The three Republicans have battled for the chance to take on Senator Jon Ossoff, a first-term Democrat who is seen by his party as a rising star and by Republicans as a formidable adversary. Mr. Ossoff did not face a primary challenger on Tuesday.

As the Republican race has played out, some in the party have become anxious that they are poorly positioned for what is expected to be one of the most competitive Senate elections in November.

The uncertain outcome Tuesday did not appear likely to allay those fears. The Republican race now moves toward a June 16 runoff that could bruise the finalists and drain resources that would otherwise be used in the general election.

Attacks between the candidates had already begun to sharpen in the final days before Tuesday’s primary. Mr. Carter assailed Mr. Collins over a House ethics inquiry related to allegations that a member of Mr.

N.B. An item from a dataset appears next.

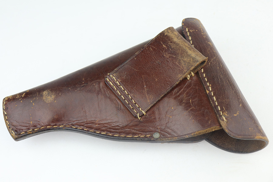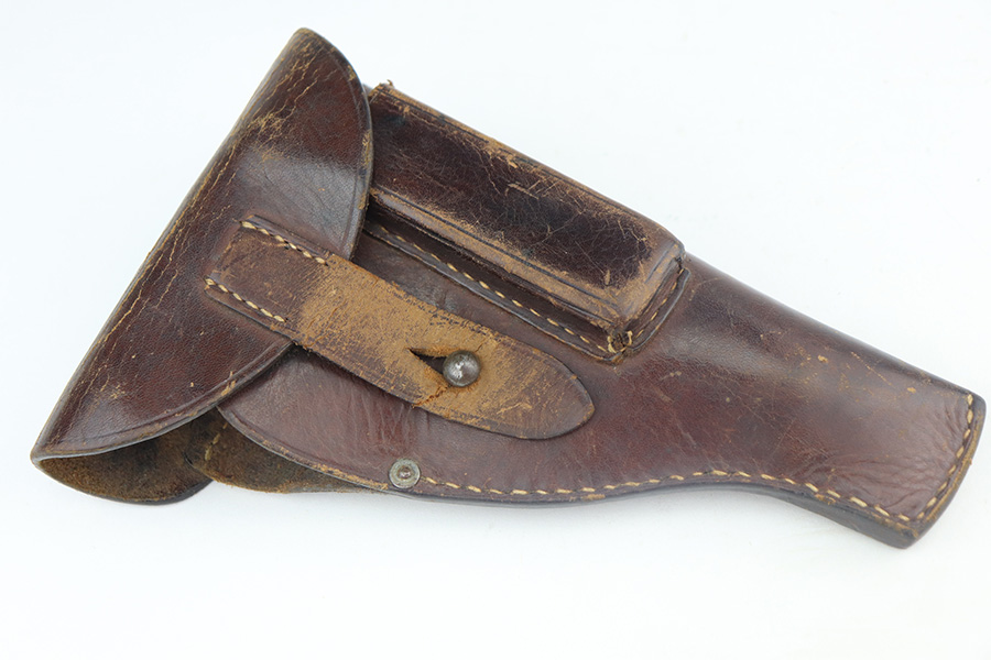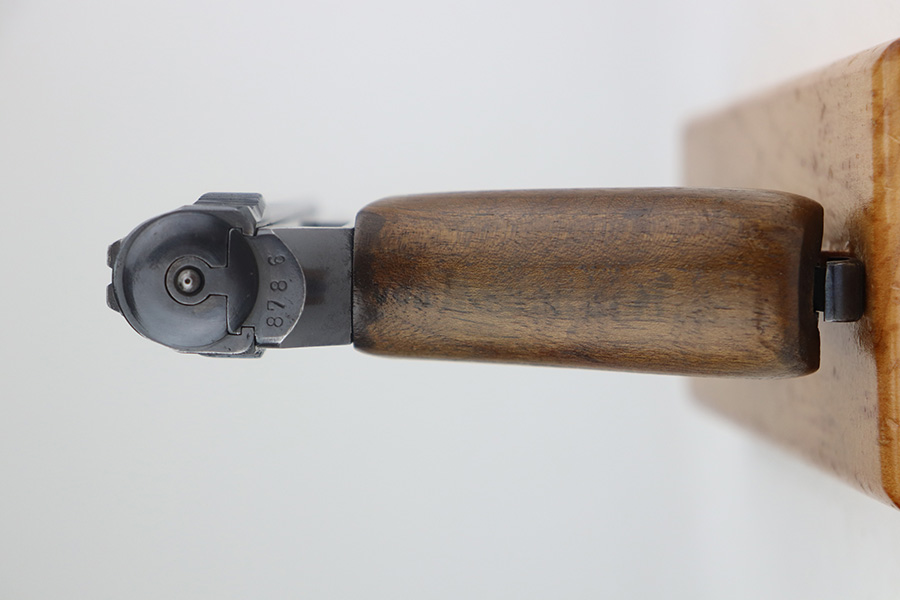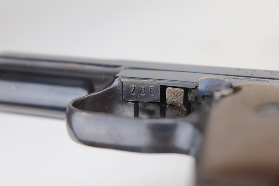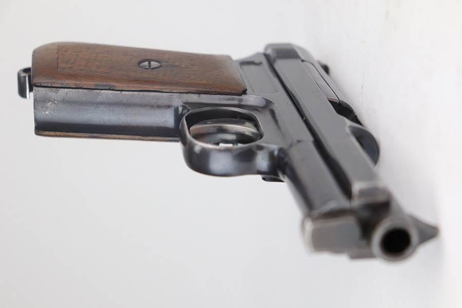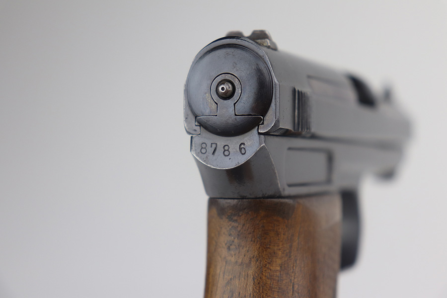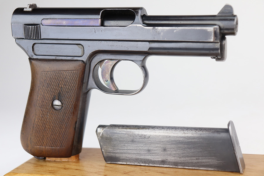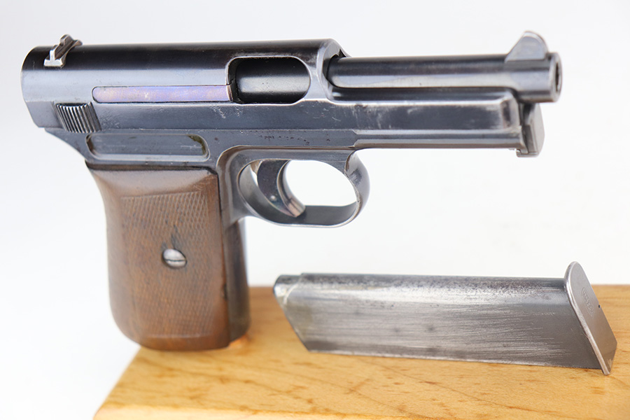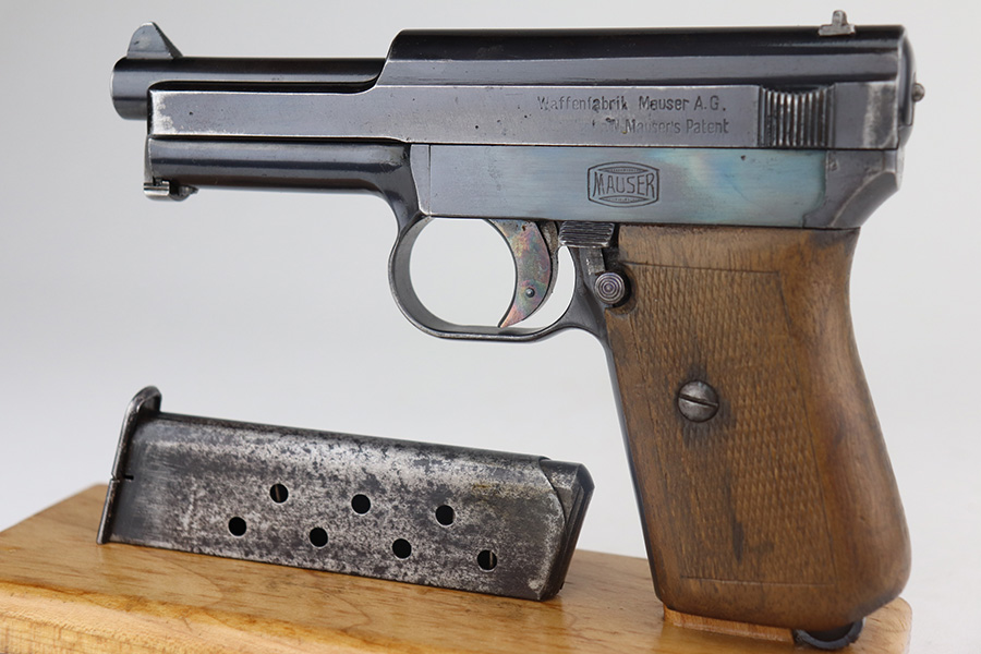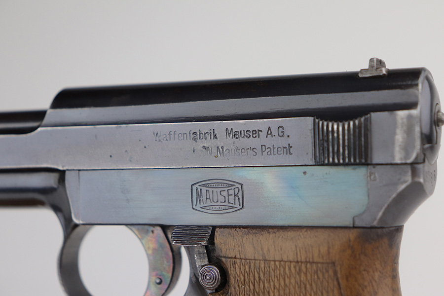 5/19/21 – This is a nice example of an early-production Mauser Model 1914. The gun comes with a proper holster and magazine. The left side of the gun has somewhat of a strange appearance. First, the serial number on the left side of the slide is missing, as is part of the slide legend – we’re not sure why. But the rest of the gun is matching. Second, the left side of the frame has a multicolored tint to it but shows no signs of being refinished. Third, there is a hard-edged bevel in the left side of the slide where the flat surface meets the curved surface. The gun has retained about 90% of its finish. There are some marks and spotty oxidation on the front strap. Minor wear around the muzzle and high edges of the slide. A couple of very small areas of minor pitting on the right side of the slide. Minor wear at the back left side of the slide. Comes with a nice wood grip with minor wear along the bottom edge. Excellent bore with strong rifling.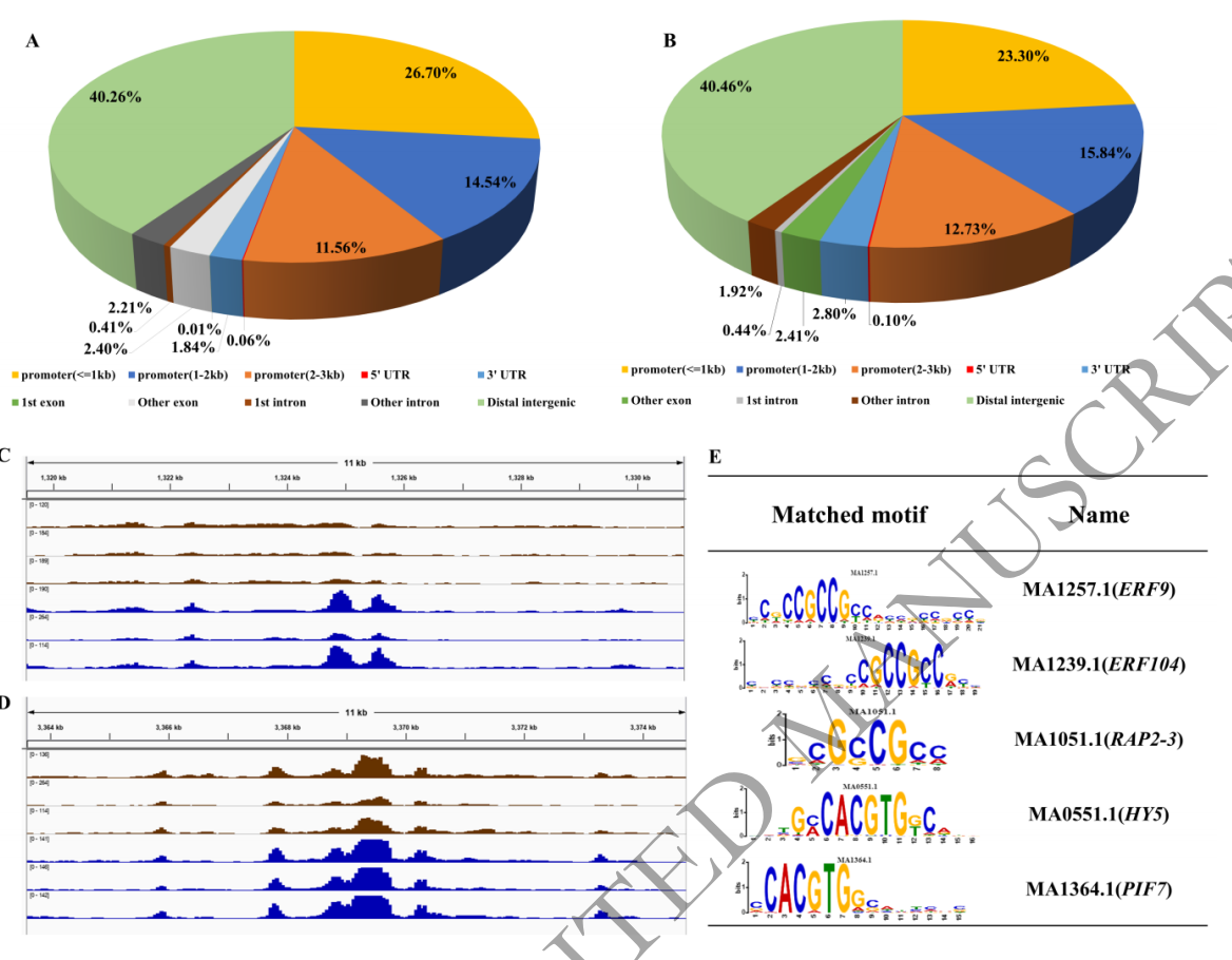 染色質(zhì)的開放區(qū)包含轉(zhuǎn)錄因子結合位點(TFBS),在轉(zhuǎn)錄因子(TFs)介導的基因表達調(diào)控中發(fā)揮重要作用。因此,作者通過對‘金鈴子’三個時期的果實材料進行ATAC-seq分析,以確定在生長過程中差異的染色質(zhì)開放區(qū)域。研究發(fā)現(xiàn),未成熟果實與破色期果實中,6號染色體上存在差異染色質(zhì)開放區(qū),主要是與類胡蘿卜素途徑和植物激素信號傳導相關的基因;破色期與成熟期果實相比,3號染色體上存在差異染色質(zhì)開放區(qū),主要的影響基因有乙烯應答轉(zhuǎn)錄因子WRI1、乙烯應答轉(zhuǎn)錄轉(zhuǎn)錄因子ERF118和生長素應答因子1(ARF1)等。

Collins’s staff had a romantic relationship with an intern, and that the intern received pay without doing work. Mr. Collins has dismissed the matter, calling the complaint “bogus.”

Mr. Collins’s campaign called Mr. Dooley a “failed” coach and claimed that Mr. Carter was corrupt. (The Federal Election Commission in 2022 investigated a claim that Mr. Carter’s campaign had violated campaign finance laws but ultimately cleared him.)

Mr. Collins also has a history of incendiary social-media posts, including one suggesting that President Joseph R. Biden Jr. “sent the orders” for an assassination attempt against Mr. Trump in 2024.

All three candidates have angled for President Trump’s endorsement, but he has so far remained publicly neutral.

Mr. Collins sponsored the first piece of legislation Mr. Trump signed after returning to office, the Laken Riley Act, a law targeting undocumented immigrants for deportation. Mr. Dooley met with Mr. Trump at the White House for more than an hour in August, discussing football and politics, according to his campaign. Mr. Carter has been especially zealous in his outreach to the president, introducing a resolution in support of a Nobel Peace Prize for Mr. Trump and saying he has no points of disagreement with the president.

Instead of turning on the judgment of the president, the race has increasingly become a test of Gov. Brian Kemp’s influence as he prepares to leave office. Mr. Kemp has often been at Mr. Dooley’s side in recent months, joining him at dozens of events, and his political organization made a major financial investment in support of the former coach.